Monday, December 03, 2007
POOR FOLKS TOLD THEY DON'T NEED HEALTH CENTER
As the Presidential candidates all present health care proposals, in West Harlem residents just want their local health center to open...after more than five years of being shut down.
The Manhattanville Health Center was closed the authorities said for some needed renovations.
Well, despite the availability of funds, Manhattanville Health Center has not been rehabilitated. Programs originally on site have dispersed with no guarantee of their return.
Local politicians say its no big deal as patient visits had declined over the years. Could be the reasons were cuts in services provided and managed Medicaid. The latter assigns Medicaid patients to a particular provider and does not allow them to go elsewhere. Since many patients never receive or don't understand notices asking them to choose an MD, they are assigned one and never know it.
Falling patient visits certainly weren't caused by a lack of need. The death rate in the area is 40 percent higher than in the city as a whole, and the poverty rate is 50 percent higher. Twenty-four percent of Harlem residents do not have a primary source of health care and 11 percent use the ER for emergencies. HIV deaths are more than double the rate in NYC; cancer is the leading cause of premature death. Rates of cancer, asthma, diabetes and heart disease are higher than anywhere else. These are NYC Dept of Health statistics.
But city officials say no problem.
And, of course, if you've been reading the OD lately you know that Colombia University has a plan to deal with this anyway. That would be there expansion plan which would simply exile 5000 or more people from the community. No people means no sick people. A novel idea, I'd say.
Did I mention that the renovations which were to have taken place were themselves the result of community action.
Residents in the area are back in the streets trying to get their health center back. They shouldn't have to be doing this. It doesn't take any brains to see the need.
At a speech in Harlem late last month Barack Obama touched on many issues central to his campaign, including closing the achievement gap in education and health care reform. “We will have health care for every American by the end of my first term as President of the United States.”
He didn't mention the Manhattanville Health Center.
My guess is he's never heard of it.
And there is part of the problem.
The following is from the Columbia Spectator.
Residents Call for Reopening of Health Center
By Melissa Repko
Led by Sunday-school students carrying brightly-colored banners, approximately 30 people marched from St. Mary’s Church to the Manhattanville Health Center to protest it being closed for the last four years.

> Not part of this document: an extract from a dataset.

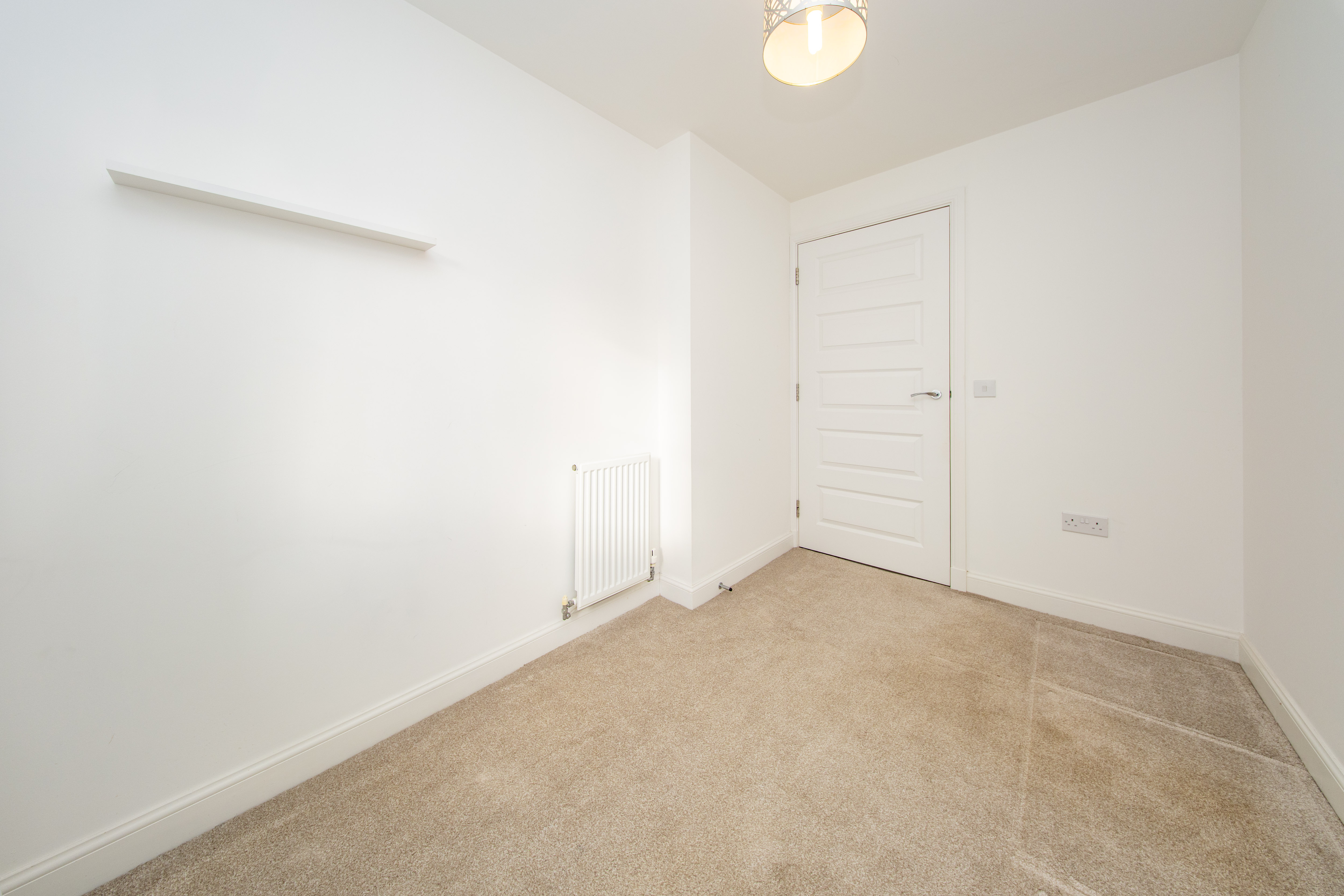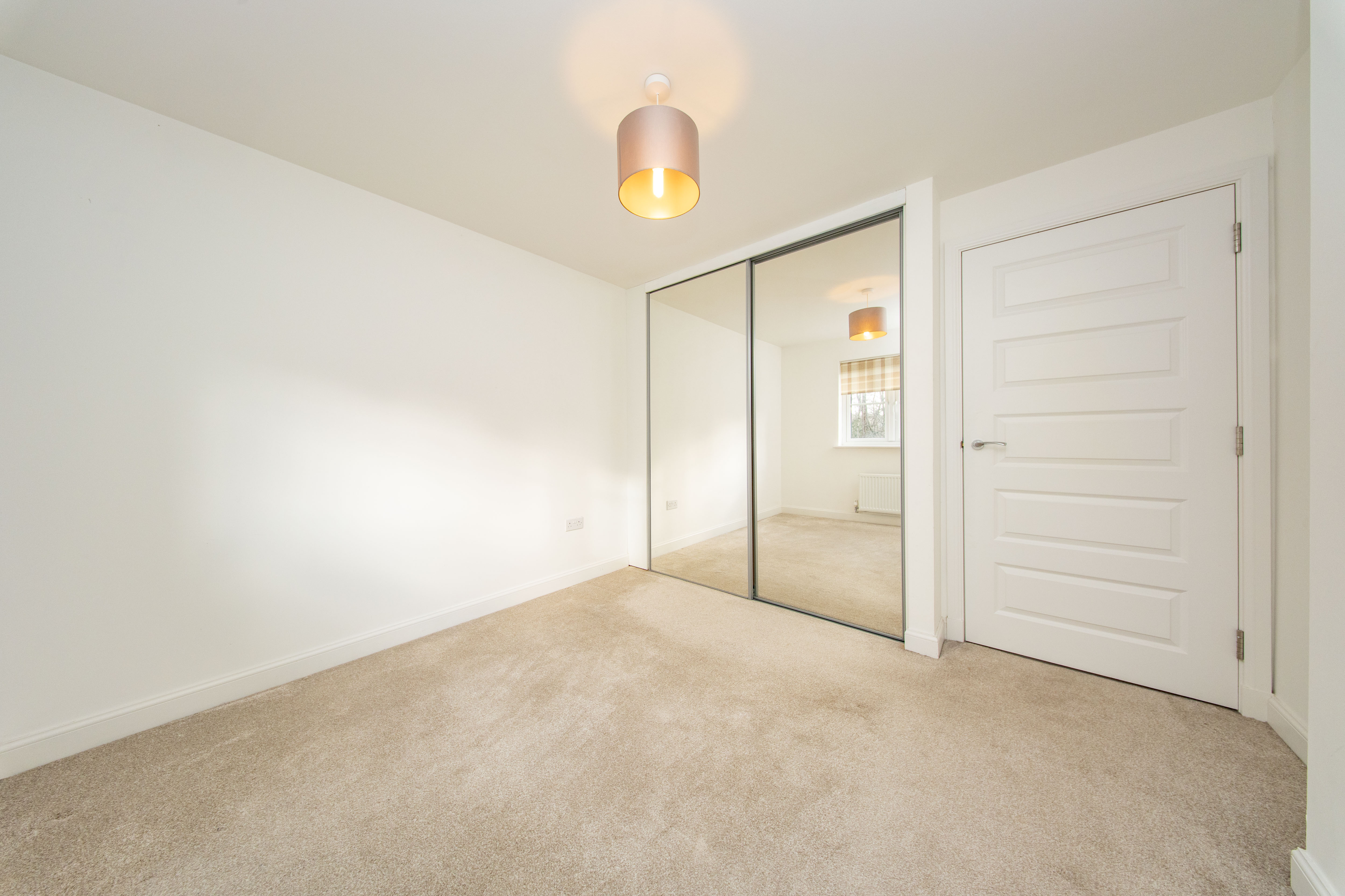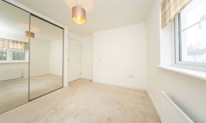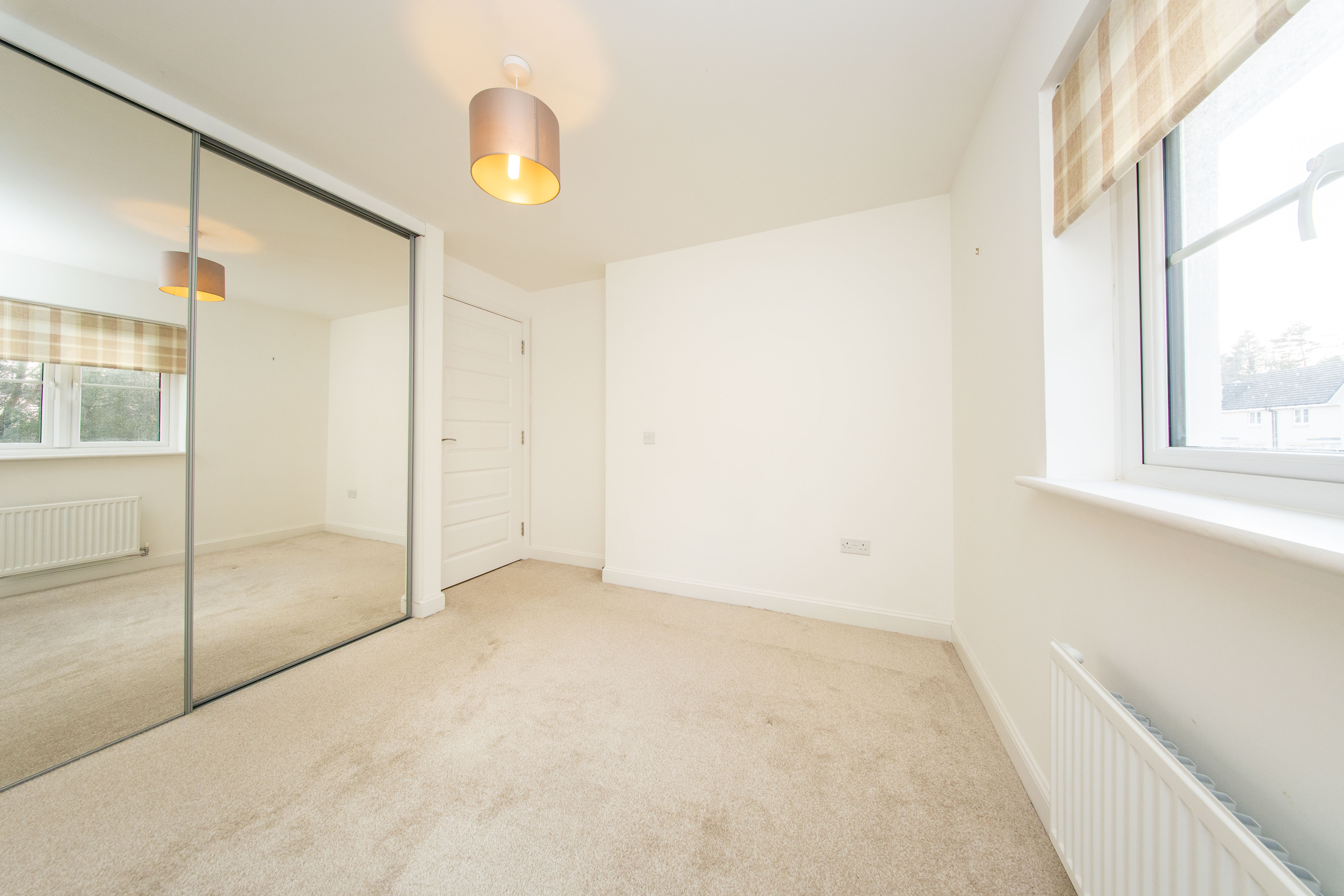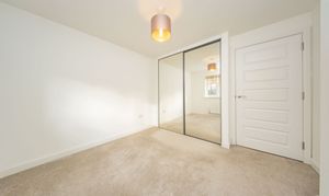 Double Bedroom located at the rear of the property with a built-in mirror door wardrobe. There is one central light fitting, painted walls, one radiator and carpet flooring.
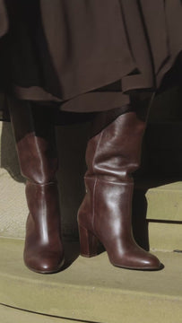 Wykonane w całości z naturalnej skóry, mają luźniejszy krój w kostce i pod kolanem, dzięki czemu subtelnie otulają nogę, zachowując swobodę i lekkość.

The protest, which urged the center to reopen, tied together what protesters perceive as Columbia’s disregard for the neighborhood with its expansion plans and the general disregard for the public health of the area. It included many community activists who oppose the way the University plans to expand into Manhattanville, but centered around the need for improved public health in Harlem.

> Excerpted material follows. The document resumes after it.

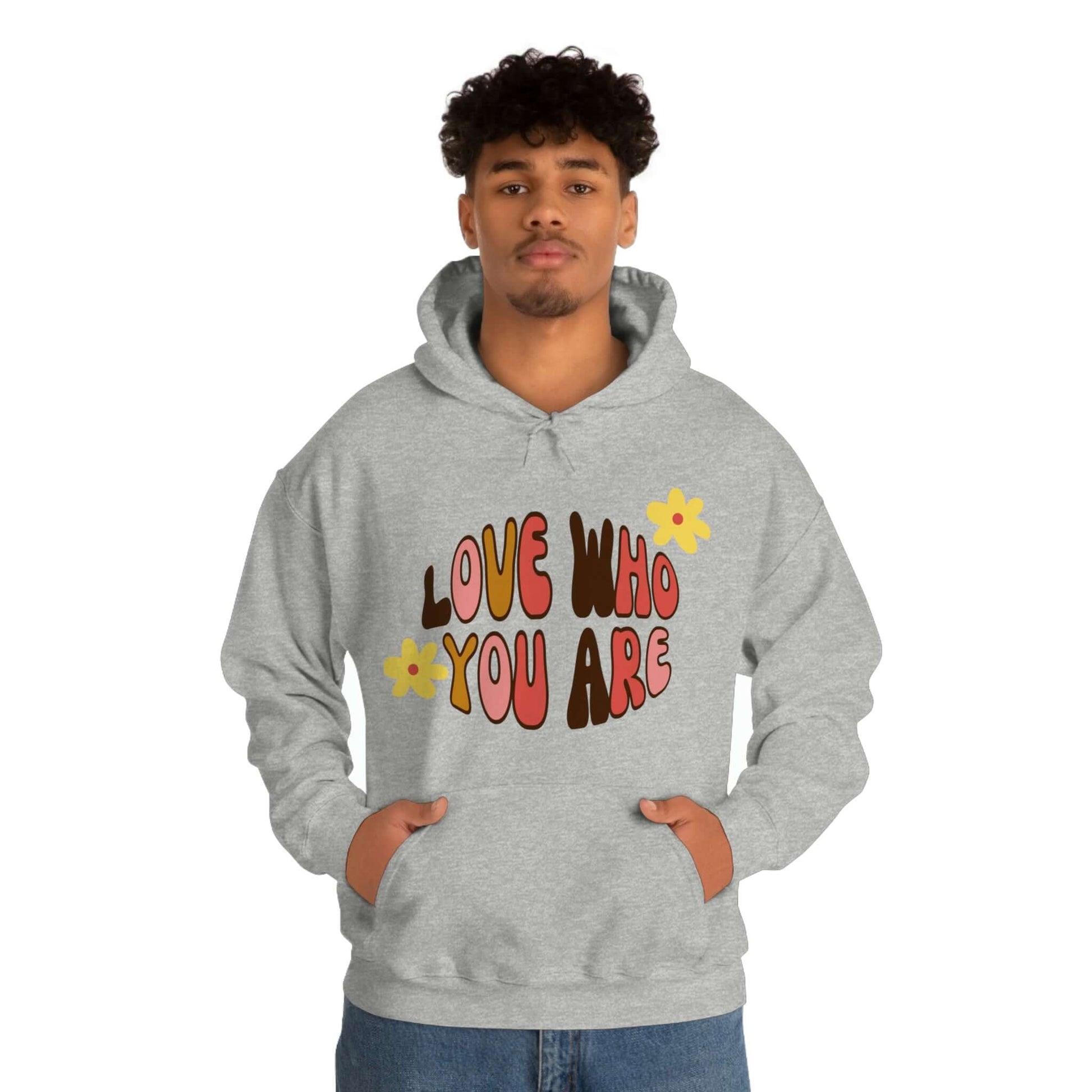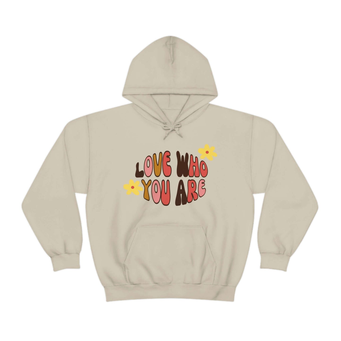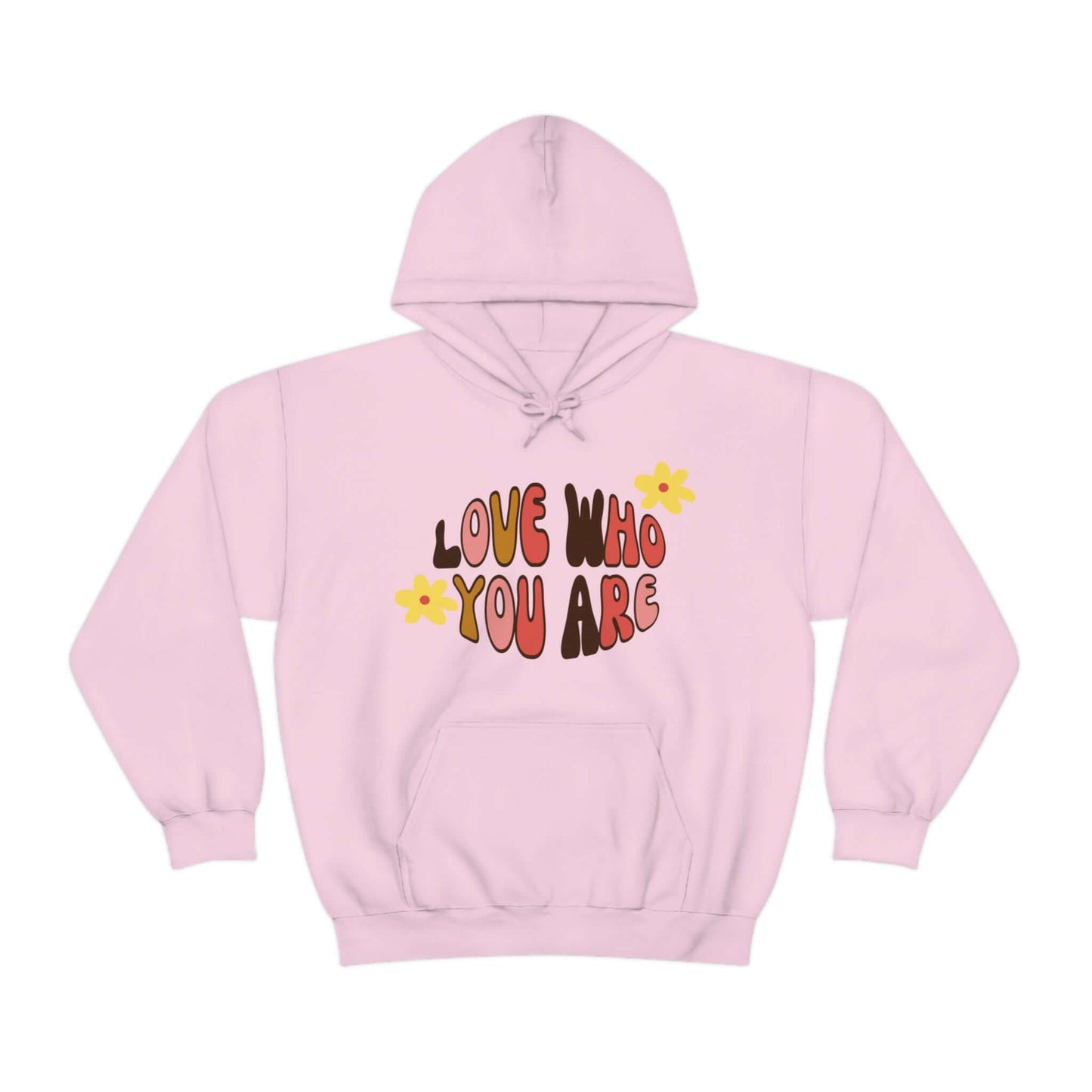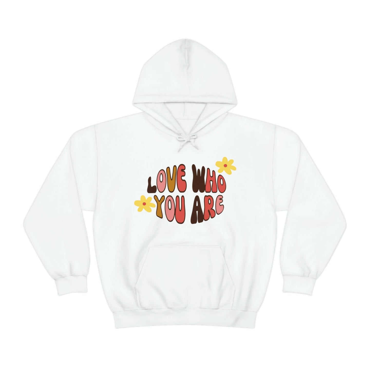 Add a little positive affirmation to your day with our Exclusive "love Who You Are" warm heavy blend hoodie Made with a thick blend of cotton and polyester, it feels plush, soft and warm, a perfect choice for any cold day. In the front, the spacious kangaroo pocket adds daily practicality while the hood's drawstring is the same color as the base sweater for extra style points.
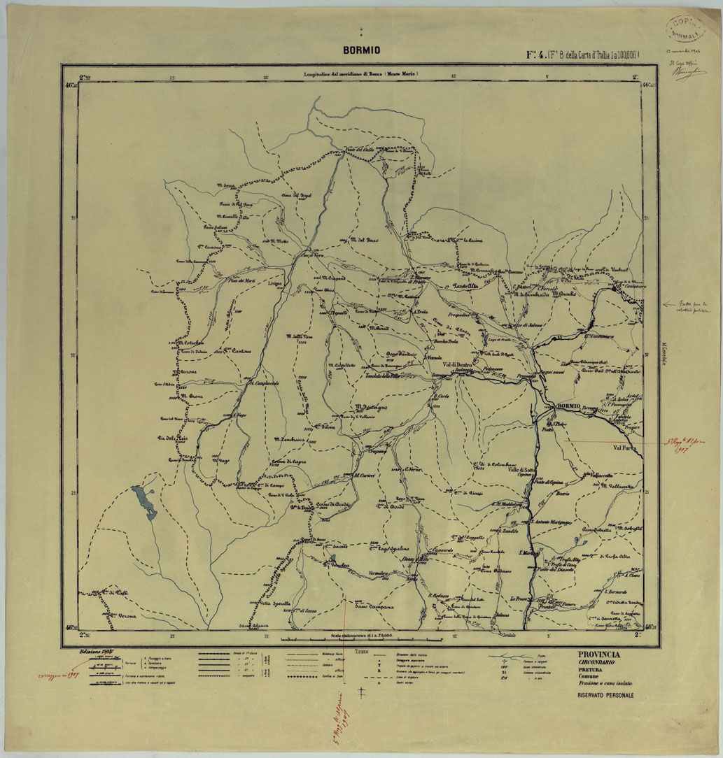 CARTA ITINERARIA D'ITALIA PER GLI ALPINI NORMALI D'ARCHIVIO CON AGGIORNAMENTO FINO AL 1910 EDIZIONE COMPLETA ANNO 1907 - FOGLIO 4 BORMIO.

The Manhattanville Health Center, a city-run clinic, was originally closed for renovations four years ago, but was never reopened because of decisions made by the mayor and the Department of Health. Though the portico was redone to look more modern, no one has used the building since renovations began.

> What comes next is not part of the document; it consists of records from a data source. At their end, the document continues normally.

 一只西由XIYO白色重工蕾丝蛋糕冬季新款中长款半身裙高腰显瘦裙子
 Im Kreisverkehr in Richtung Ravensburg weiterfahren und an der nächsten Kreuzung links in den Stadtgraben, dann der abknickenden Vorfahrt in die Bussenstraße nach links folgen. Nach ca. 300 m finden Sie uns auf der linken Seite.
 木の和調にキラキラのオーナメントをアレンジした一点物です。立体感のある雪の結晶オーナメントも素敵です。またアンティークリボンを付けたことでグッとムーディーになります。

The protesters were a mixture of students, neighborhood residents, and churchgoers. Several members of the Columbia group Student Coalition on Expansion and Gentrification—including former hunger striker Samantha Barron, BC ’10—were in attendance.
Before heading out into the cold, Jim White, mental health advocate and Sunday-school teacher, joked with people gathering in the church’s basement. “We lovingly call it St. Mary’s the Militant,” he said, noting the church’s long history of speaking out and fighting for change.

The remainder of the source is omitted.